What the task requires
Copy the lines below word for word, skipping any image.

Available data

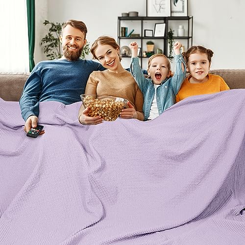 PHF Pre-Washed Cotton Waffle Weave Family Blanket,Oversized King Size 120"x 120"-Snag Proof Lightweight Breathable, 10'x 10' Huge Extra Large Big-Elegant Aesthetic Home Decoration Gift,Taro Purple
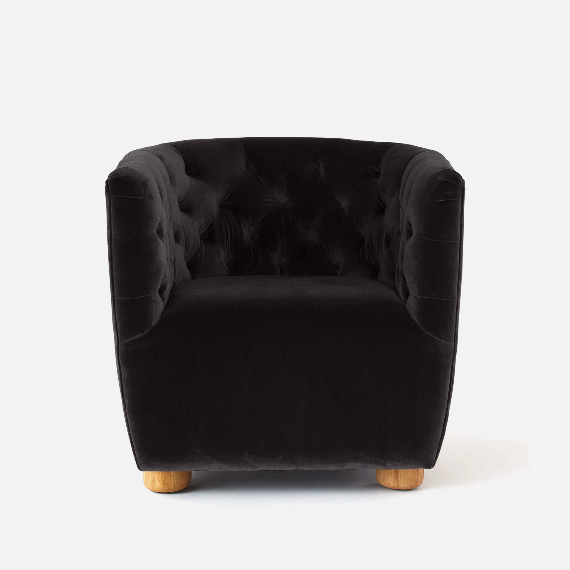 Introducing the "Isabella Accent Chair," a masterpiece of design and craftsmanship. This chair stands out with its perfectly curved silhouette atop block legs crafted from solid mango wood. Upholstered in velvety Charcoal Black fabric, it boasts dramatic blind tufting and high, shapely arms for a touch of elegance. Available in various materials and colours, each piece is handcrafted to perfection, ensuring durability and style. Soft foaming ensures comfortable seating, making it ideal for both aesthetic appeal and comfort.
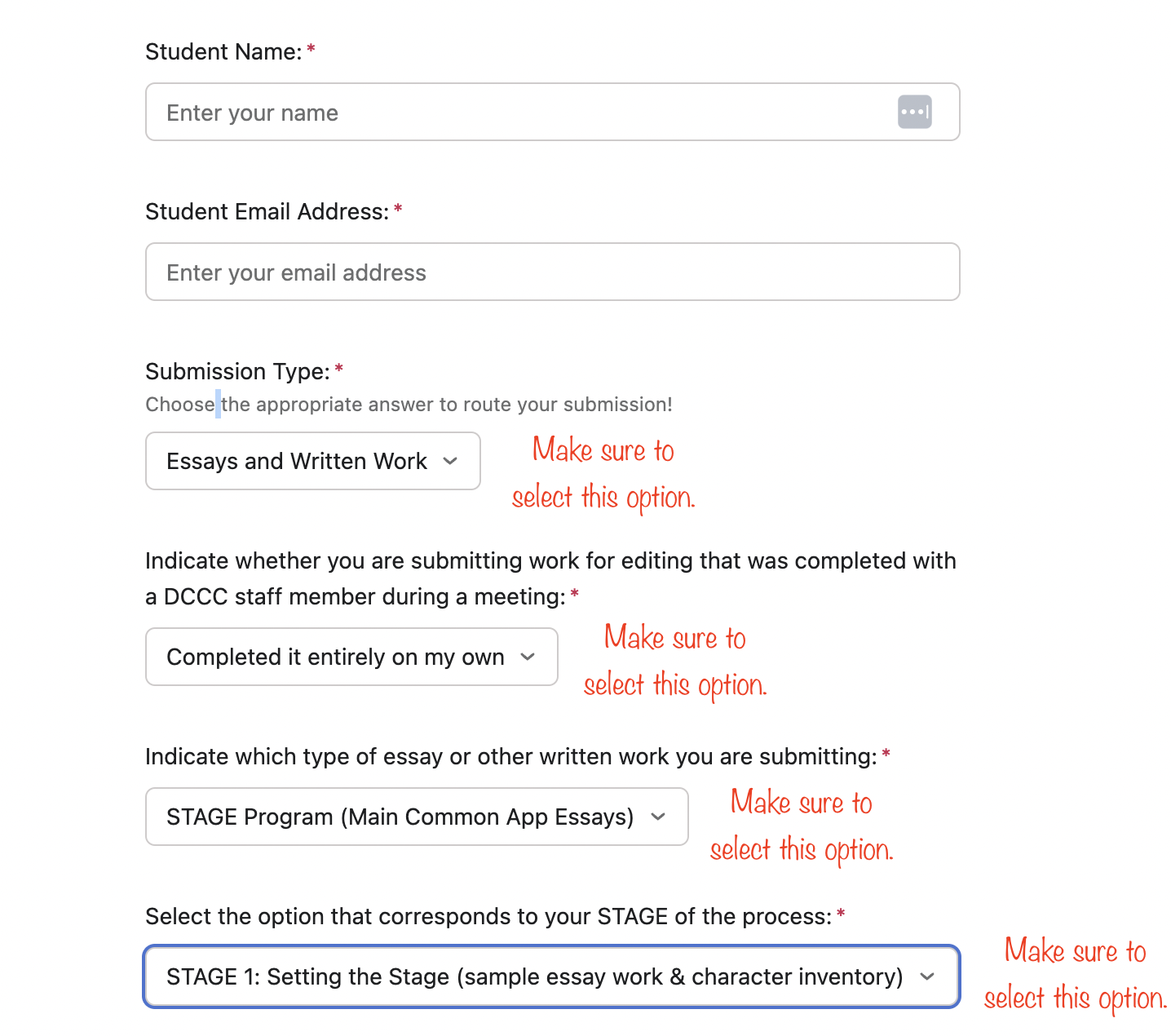 3. The submission form: Any time you are done with a STAGE assignment and want our team to take a look, you will submit your work using this form. We love Google folders and Docs, but there’s one problem: when you complete an assignment in a Google Doc, we have no way of knowing! As long as you select the right options on the form, it will automatically alert us that you’ve finished your work and it’s ready for us to review.

Expected answer
 PHF Pre-Washed Cotton Waffle Weave Family Blanket,Oversized King Size 120"x 120"-Snag Proof Lightweight Breathable, 10'x 10' Huge Extra Large Big-Elegant Aesthetic Home Decoration Gift,Taro Purple
 Introducing the "Isabella Accent Chair," a masterpiece of design and craftsmanship. This chair stands out with its perfectly curved silhouette atop block legs crafted from solid mango wood. Upholstered in velvety Charcoal Black fabric, it boasts dramatic blind tufting and high, shapely arms for a touch of elegance. Available in various materials and colours, each piece is handcrafted to perfection, ensuring durability and style. Soft foaming ensures comfortable seating, making it ideal for both aesthetic appeal and comfort.
 3. The submission form: Any time you are done with a STAGE assignment and want our team to take a look, you will submit your work using this form. We love Google folders and Docs, but there’s one problem: when you complete an assignment in a Google Doc, we have no way of knowing! As long as you select the right options on the form, it will automatically alert us that you’ve finished your work and it’s ready for us to review.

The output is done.